In college football, Clemson’s claim to the name appears to be significantly older that LSU’s. According to the university, the nickname was coined in the 1940s by Lonnie McMillian, the head coach of nearby rival Presbyterian College in Clinton, S.C. Clemson and Presbyterian played every year back then, and after a 76-0 loss at Clemson in 1945, McMillian called the stadium “college football’s Death Valley.” Clemson fans gradually claimed the name for themselves.
Before every home game, Clemson’s football team runs into Memorial Stadium by running past—and rubbing for good luck—a small boulder known as Howard’s Rock.

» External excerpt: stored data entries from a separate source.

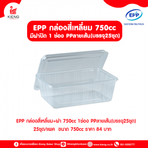 EPP กล่องสี่เหลี่ยม+ฝา 750cc 1ช่อง PPลายเส้น(บรรจุ25ชุด) 1ลัง/20แพค
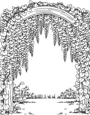 Cascading flower clusters hang in graduated lengths from twisted vines that wrap around a lattice arch framework for this coloring page. The wisteria blooms feature individual florets stacked vertically, creating elongated cone shapes that dangle freely throughout the composition. Diamond-patterned trellis sections form the underlying structure, with climbing stems weaving between the geometric openings and curving over the arch's rounded top. The hanging flower clusters benefit from gradient shading that starts light at the top and deepens toward the bottom of each bloom. Try purple and lavender tones for traditional wisteria, or experiment with white, pink, or blue variations for a creative twist. The lattice framework might use brown or weathered gray tones, while the twisting vines could feature multiple green shades to show depth where they overlap and intertwine.
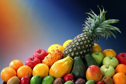 Ein Berg von Früchten auf einem bunten Hintergrund
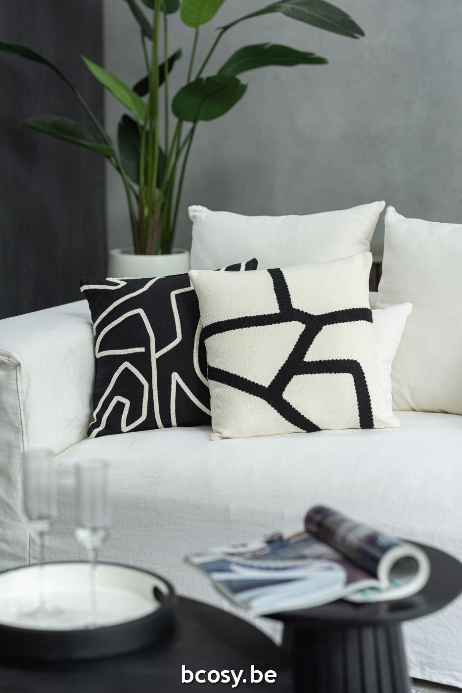 J-Line by Jolipa Coussin Ligne Textile Noir/Blanc

It was brought to South Carolina by a Clemson alum named S.C. Jones, who picked it up in the 1960s while driving through the California desert. It’s affixed atop to a plaque that reads, “From Death Valley, CA to Death Valley, SC.”
LSU’s use of Death Valley is significantly less documented. Tiger Stadium has long been considered one of the loudest stadiums in college football—in 1988 following a critical touchdown, fans caused an earth tremor that registered on a seismograph at the school’s geology department—and it was known locally as ‘Deaf Valley’ as early as the 1950s, according to local historians. That didn’t fully shift to ‘Death Valley’ until the early 1980s, according Baton Rouge Advocate columnist Jack Barlow, who attributed it to athletic director Bob Brodhead.

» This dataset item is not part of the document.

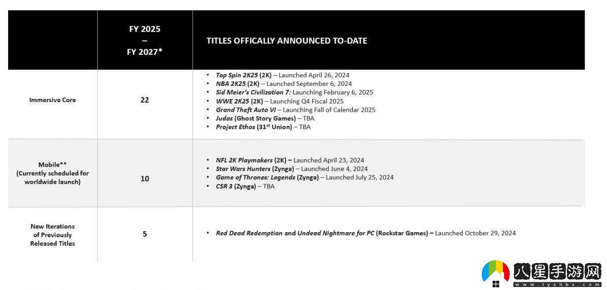 以下是Take-Two正在開發(fā)的游戲的詳細信息,與上一季度相比沒有顯著變化。GTA6仍計劃于2025年秋季發(fā)行。唯一的重大變化是由于今天宣布出售Private Division,獨立游戲被移除。買家和售價未知。

In a 1987 speech in front of Congress, Louisiana representative Richard Baker called the stadium “the real Death Valley.” It’s unclear if he was assigning secondary status to the California desert or Clemson’s venue, or both.
Another LSU theory is that the term firmly took root a little later, in the 1990s, thanks to its use by local sports reporters. Others say it was a natural progression over the years because “deaf” and “death” sound the same in Cajun accents. Regardless, it was well codified by 2011, when Dan Borné, the Tigers’ PA announcer since 1986, wrote a poem called “Saturday Night in Death Valley” that has become a tradition at the stadium.

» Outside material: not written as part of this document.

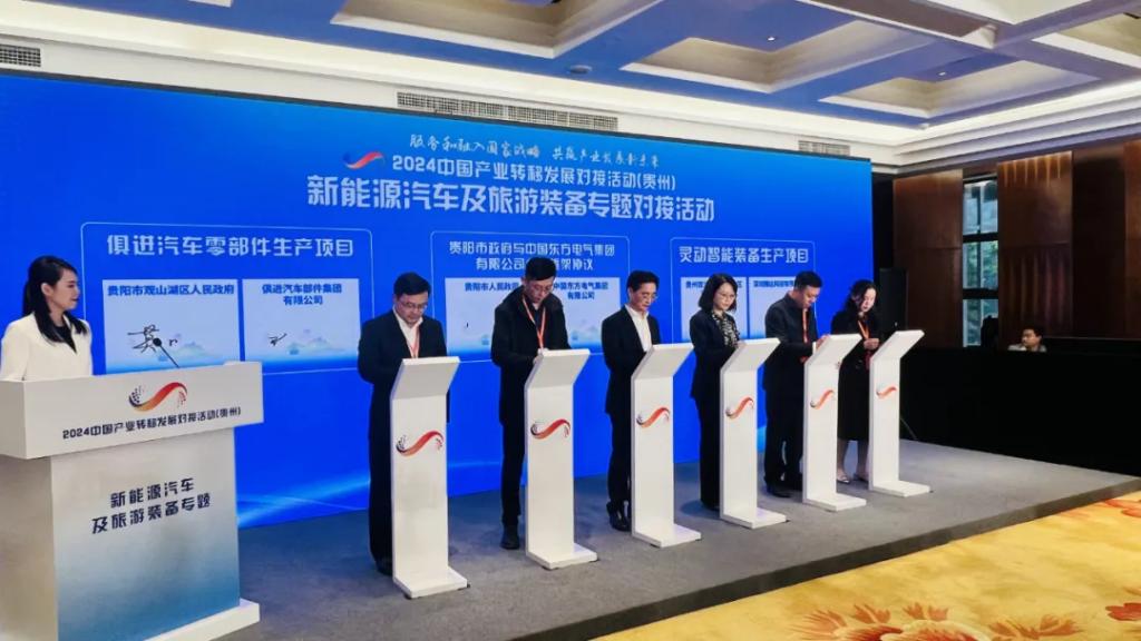 2024中國產業(yè)轉移發(fā)展對接活動(貴州)以“服務和融入國家戰(zhàn)略 共贏產業(yè)發(fā)展新未來”為主題,包括1場綜合活動和4場專題活動,圍繞資源精深加工及綜合利用、先進裝備制造、大數(shù)據(jù)電子信息、特色輕工等貴州特色優(yōu)勢產業(yè),開展地市推介、政企對接、實地考察、專家解讀、項目簽約等。在新能源汽車及旅游裝備專題對接活動中,東方電氣集團與貴陽市人民政府簽署了戰(zhàn)略合作框架協(xié)議。

Through the years, there have been playful jabs from both sides about Death Valley’s rightful claimant. In 2017, running back recruit Travis Etienne, a Louisiana native, committed to Clemson by saying he was going to “the real Death Valley.” Current LSU head coach Brian Kelly, in the run-up to Saturday’s game, has called Clemson’s venue both “Death Valley Jr.” and “not Death Valley.”
LSU had an athletic budget of $219.3 million in fiscal 2024, according to Sportico’s college finance database, which ranked seventh among all public schools. Clemson’s budget was $181.9 million, which ranked 18th. The two schools have played four times in their history, all at neutral sites, including the national championship game in 2020. Saturday night’s game at Memorial Stadium is the first of a home-and-home series, and the first time the two have squared off in either school’s home venue.